Chapter 5
The Chain Of Beings
81. I would like to indicate an erroneous consequence of the naturalists'
attempt to define life. For them, life lies in certain external qualities of
bodies (which, however, are often only uncertain signs of life - life is an
internal power). They believe that a continual gradation can be found in the
beings of nature, without any intervening gap.
It is clear that once the subjective element is ignored, only the
extrasubjective characteristics remain as a basis for classifying natural
beings. These characteristics do indeed exhibit a kind of finely graduated
scale. As long as we consider corporeal beings solely in their external,
sensible appearance, we notice only variation in colour, shape and movement, a
combination of colour, shape and movement according to certain laws, and their
being ordered in systems or functions. These variations can constitute only
accidental differences, never an essential difference of genus and species.
Accidental differences can be arbitrarily classified, even according to a
gradation not observable by our senses.
But the case is quite the opposite if in addition to considering natural beings in their extrasubjective existence, we also note in them subjective existence. Immediately we discover two essences that are so different, so contrary (as are a sensation and what I call the sensiferous quality, which produces the sensation), that they admit of no dividing grades, nor of any passage from one to another. The distance between feeling and non-feeling is one of essence, not of grade, just as the distance between what is active and what is passive, between cause and effect, is a distance of essence and not of grade.
82. Some naturalists, therefore, observing that the higher and more perfect organisation of some plants resembles that of some of the more imperfect animals, thought they had found the two links in a chain that joined plants to animals. But they did not notice that in comparing the organisation of animals and plants, they were comparing only something external to an animal (its sensible organisation), not the animal itself;(43) animality, which is internal and not subject to external observation, entirely escaped their attention. Even if the gradation of animals is ascertained through what they exhibit externally, the immense leap (if we can call it that) from feeling to non-feeling, that is, in what they are, always remains [App., no. 2].
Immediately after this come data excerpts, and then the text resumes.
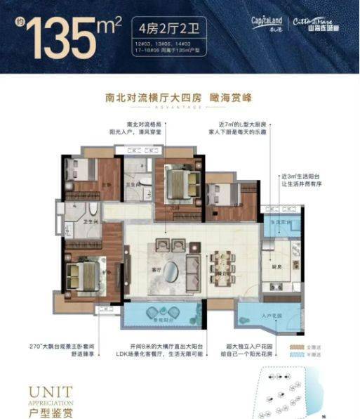 130-135㎡四至五房:横厅超6米,连接双阳台,主卧套房配置,南北通透;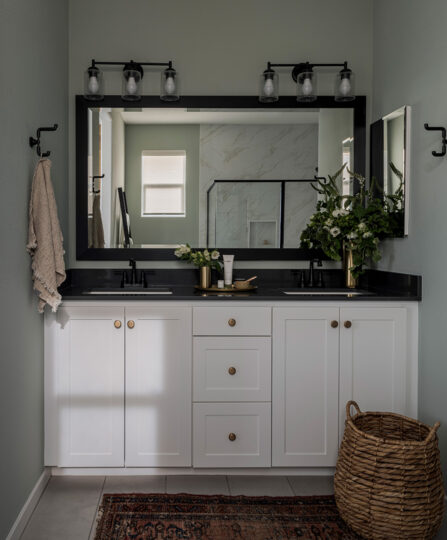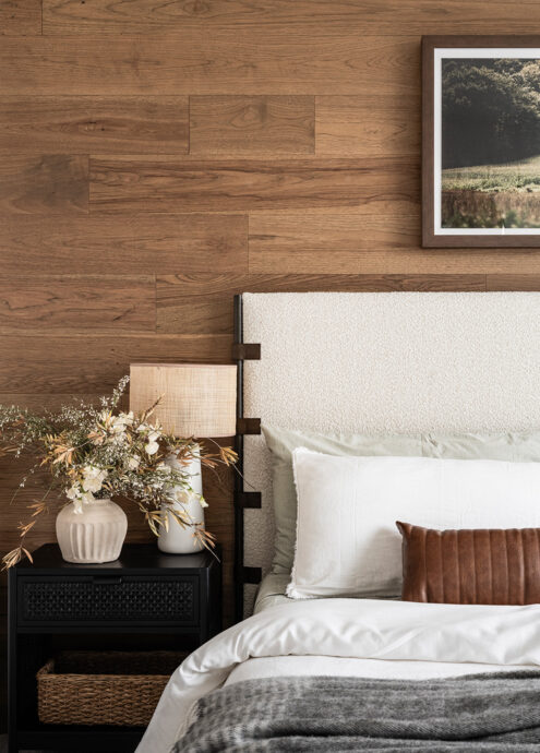 Embrace the comfort of tradition with the elegance of today through the Transitional Farmhouse collection. Evocative of a spring countryside, this fresh take on classic farmhouse styling combines casual linens and woven textures with velvety walnut flooring and deep greens. Pops of black and industrial lighting add graphic punch to a rustic backdrop—arriving at a woodland-inspired interior that’s functional yet chic.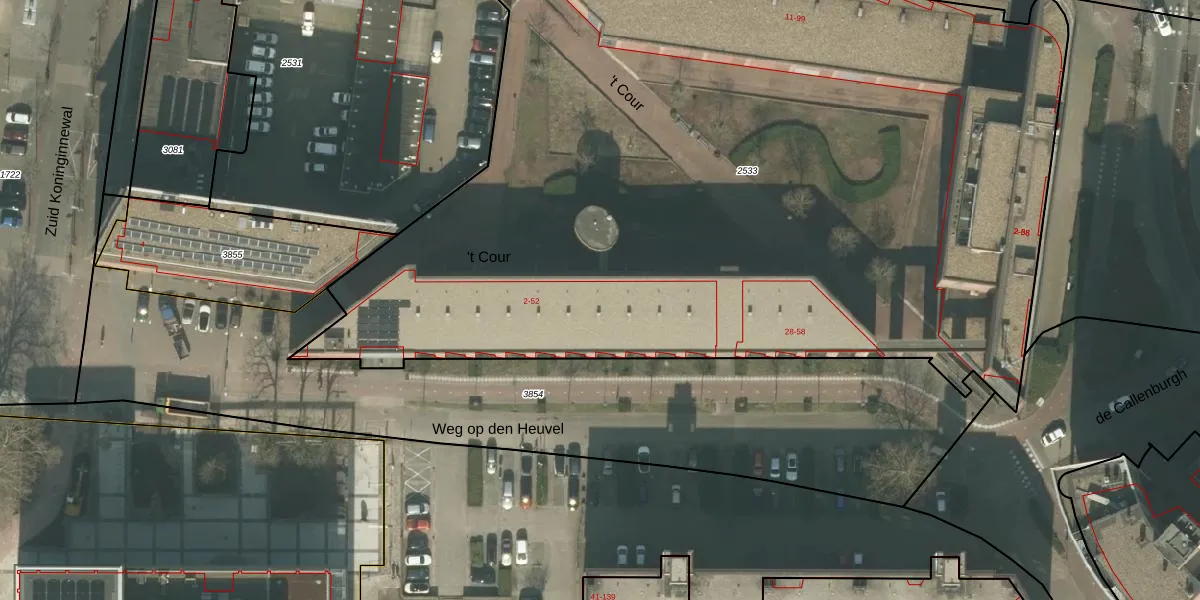Het perceel waarop 't Cour 20 staat heeft een oppervlakte van 6577 m². Dit is een zeer groot perceel. De perceeloppervlakte wordt geregistreerd door het Kadaster. Gedetailleerde informatie over de maten van dit perceel kunt u vinden in het rapport Kadastrale kaart met maatvoering van 't Cour 20.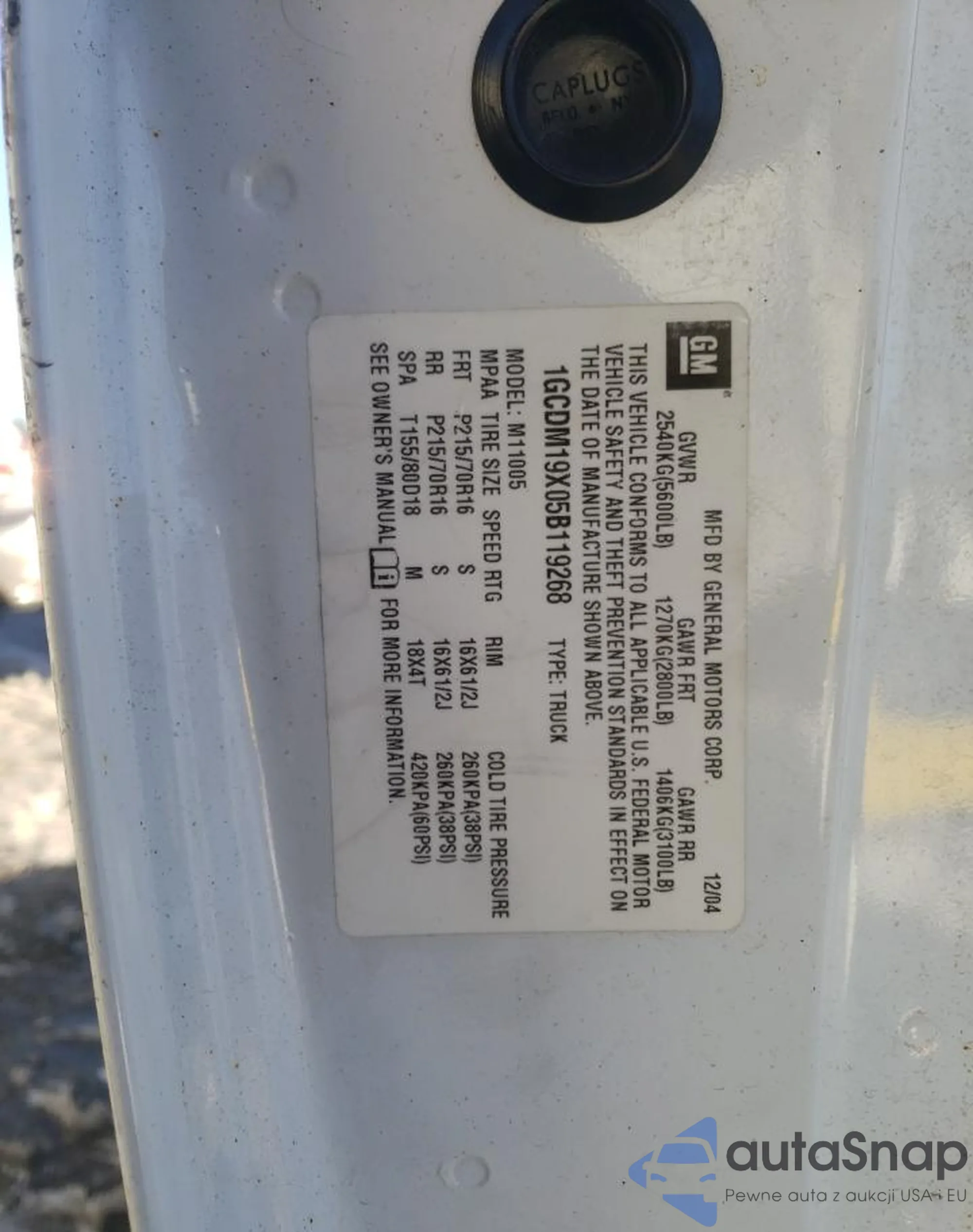 VIN: 1GCDM19X05B119268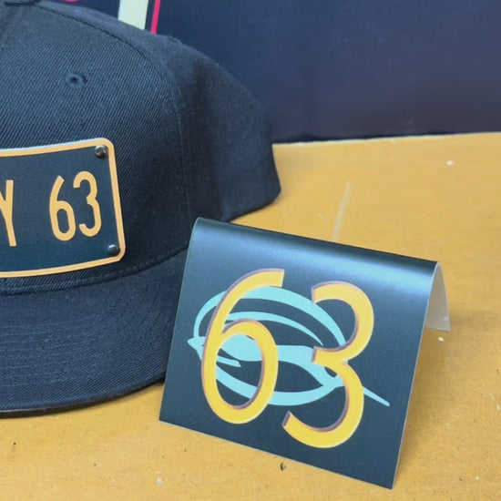 A custom lowrider dash sign featuring the bold yellow-orange txt with a playful Felix the Cat graphic integrated inside the number. The design is printed on a sleek black background and displayed in a tent-fold style, making it perfect for showing off on a classic car dashboard at shows or meets.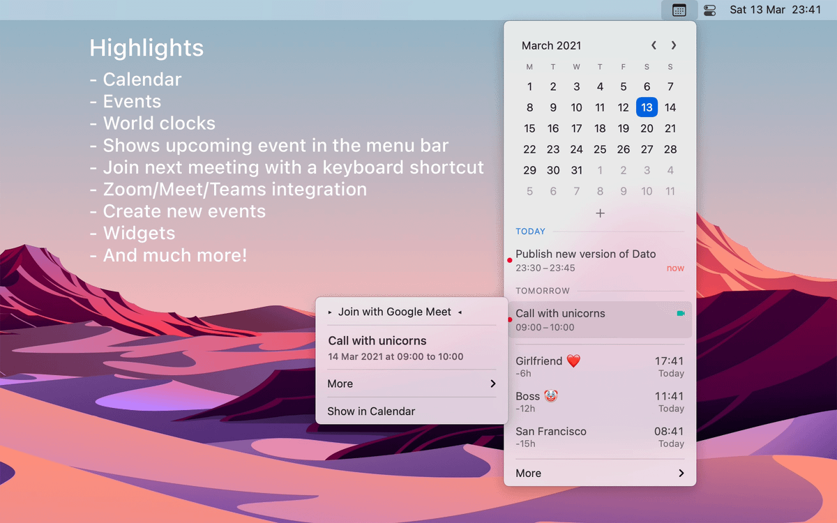 Working remote means I need easy access to Zoom links without opening my calendar. There's many good options in this category, including @MeetingBarApp, but my recommendation is @sindresorhus’s Dato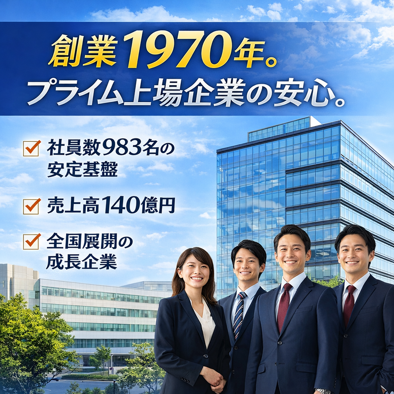 仕事内容 【創業1970年/プライム上場企業】 社員数983名・売上高140億円の安定基盤。 住宅メンテナンスという“なくならない仕事”で、 地元岡山で腰を据えて働ける正社員募集 未経験でも安心の研修&サポート体制あり。普通免許だけでスタート可能! 👉 最初は丁寧な研修・チーム作業中心 👉 力仕事少なめ・手に職がつく仕事 👉 20〜30代活躍中 ■仕事内容 住宅メンテナンススタッフとして、地域の住まいを守る仕事です。 ・主なお仕事 ✔床下・基礎の防除・湿気対策・耐震補強施工 ✔現場ごとのチェック・報告書作成 ✔お客様対応(施工前後の説明) ⭐ 一件ずつ丁寧に進めるので、未経験でも安心! ⭐ 先輩がしっかり教えるので、着実にスキルアップできます ■働くメリット ✔ 手に職がつく仕事 ✔ 社会貢献性の高いフィールドワーク ✔ 仲間と一緒に成長できる ✔ 地元岡山で安定したキャリア形成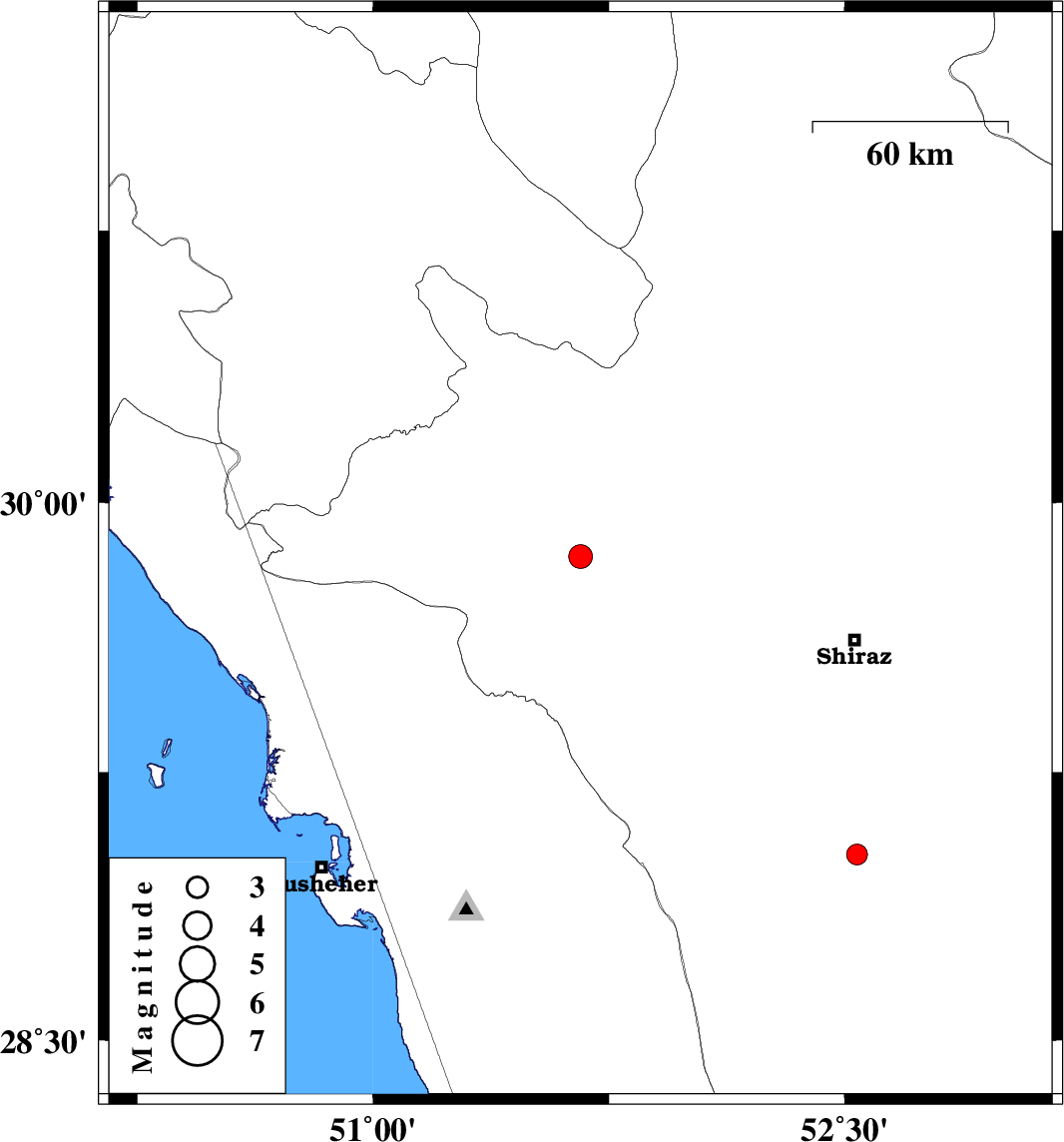 | 2012/08/14 | 13:01:53.3 | 17:31:53.3 | 29.85 | 51.66 | 43 | ML3.4 | Fars Province, 26 km North of Kazerun | ||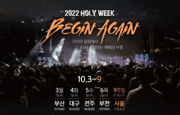 서울기독청년연합회가 주관하는 제13회 홀리위크가 ‘Begin Again-거리와 광장에서 다시 시작하는 예배와 부흥’이라는 주제로 10월3~9일 개최된다.
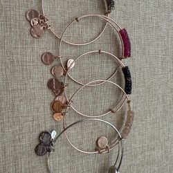 Set Of 5 Alex And Ani Rose Gold Meteor Shower Silver Green Stone Bracelets $50San Diego, CA

83. These observations are true even granted the hypothesis which claims that everything is animate. Such a hypothesis can be conceived only by distinguishing the feeling soul from its body, an insensitive or non-feeling term which is simply felt. This immense difference remains to separate that which feels from that which does not feel, in other words, to separate the soul from the body. Hence, even in this hypothesis, the classification of natural beings into those that give signs of feeling and those that do not, remains true.
Notes
(43) St. Thomas says: `"Animal" is that which has a feeling nature' (S.T., I, q. 3, art. 5).